Berkshire had 1.7 million shares of Liberty Media and 2.7 million shares of dialysis-facility owner DaVita. Liberty Media closed at $85.59 in New York trading today, and DaVita at $84.75. The filing was released after 4 p.m. in New York.

The stake in DirecTV climbed to 20.3 million shares from about 4.2 million at the end of September. DirecTV closed at $45.85 today.

According to a separate filing, Berkshire held about 410 million shares, or 7.7 percent, of San Francisco-based Wells Fargo. Buffett reported a stake of about 359 million shares of the lender at the end of 2010, according to his annual report to shareholders for that year.

‘First Class’

Wells Fargo, the largest U.S. home lender, posted record fourth-quarter profit of $4.11 billion last month and beat analysts’ estimates as mortgage financing improved.

Berkshire’s filings are monitored by analysts and investors for insight into Buffett’s strategy. The firm seeks to “increase its ownership of first-class businesses” with a preference for buying them outright, Buffett said in an article posted on Fortune magazine’s website last week. When a company can’t be purchased, Berkshire seeks to buy equity stakes, he said.
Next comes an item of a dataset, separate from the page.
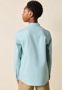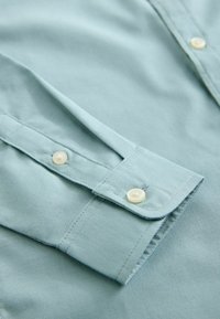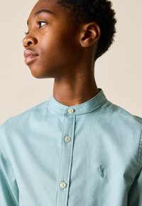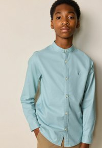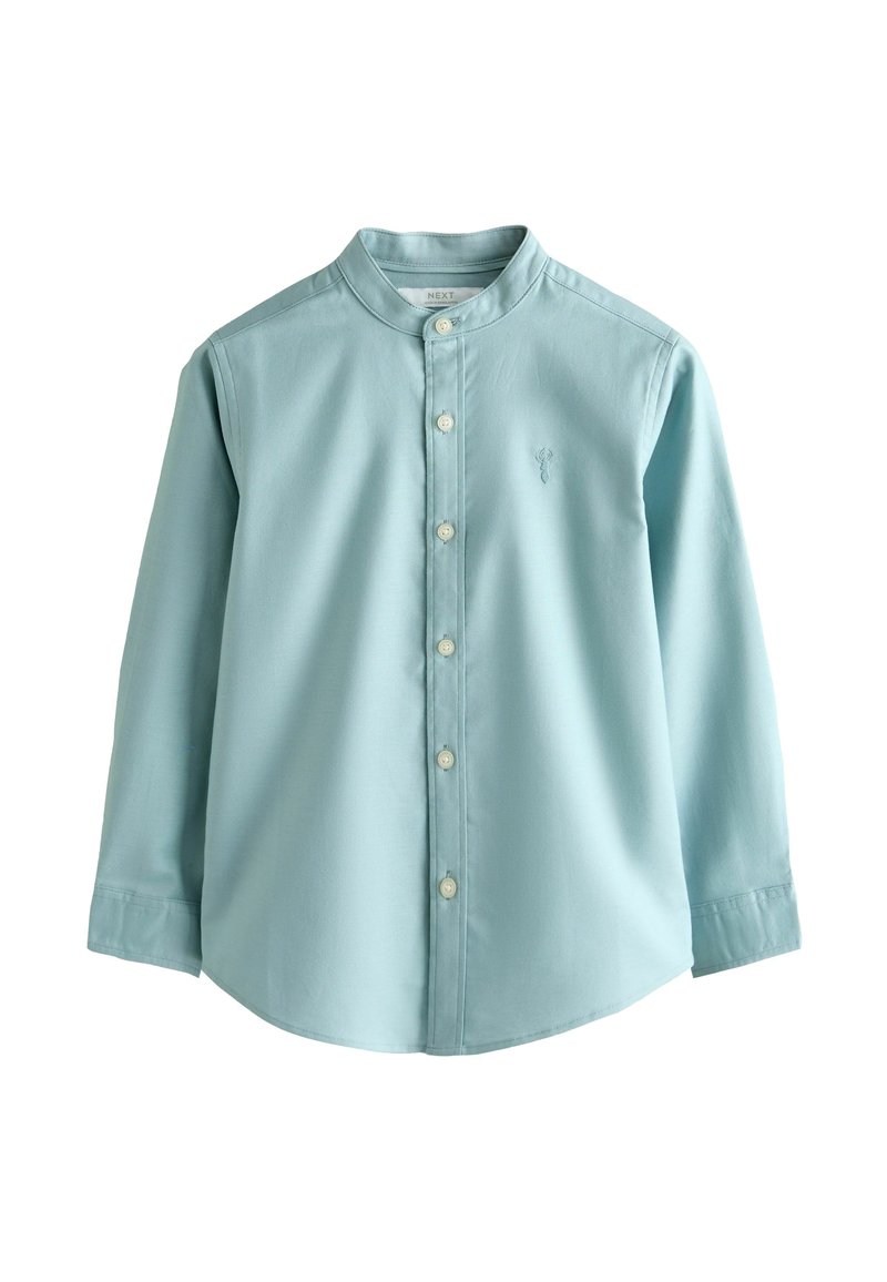 Camisa azul claro con botones y cuello mandarín, mangas largas y un pequeño logotipo bordado en el pecho izquierdo. Textura de tela suave.

Buffett contrasted this approach with investments in gold or U.S. Treasuries. Bonds are subject to inflation risk which can erode value over the long run, while making money from gold relies on an expanding pool of “fearful” buyers, he wrote. Investments in companies face fewer limitations, he said.

“Over any extended period of time this category of investing will prove to be the runaway winner among the three we’ve examined,” Buffett wrote. “More important, it will be by far the safest.”

The Standard & Poor’s 500 Index climbed 11 percent in the fourth quarter and 7.4 percent since the end of last year. Berkshire increased its pace of investing in the third quarter of last year when stock markets plunged following S&P’s decision to cut the U.S. top credit rating.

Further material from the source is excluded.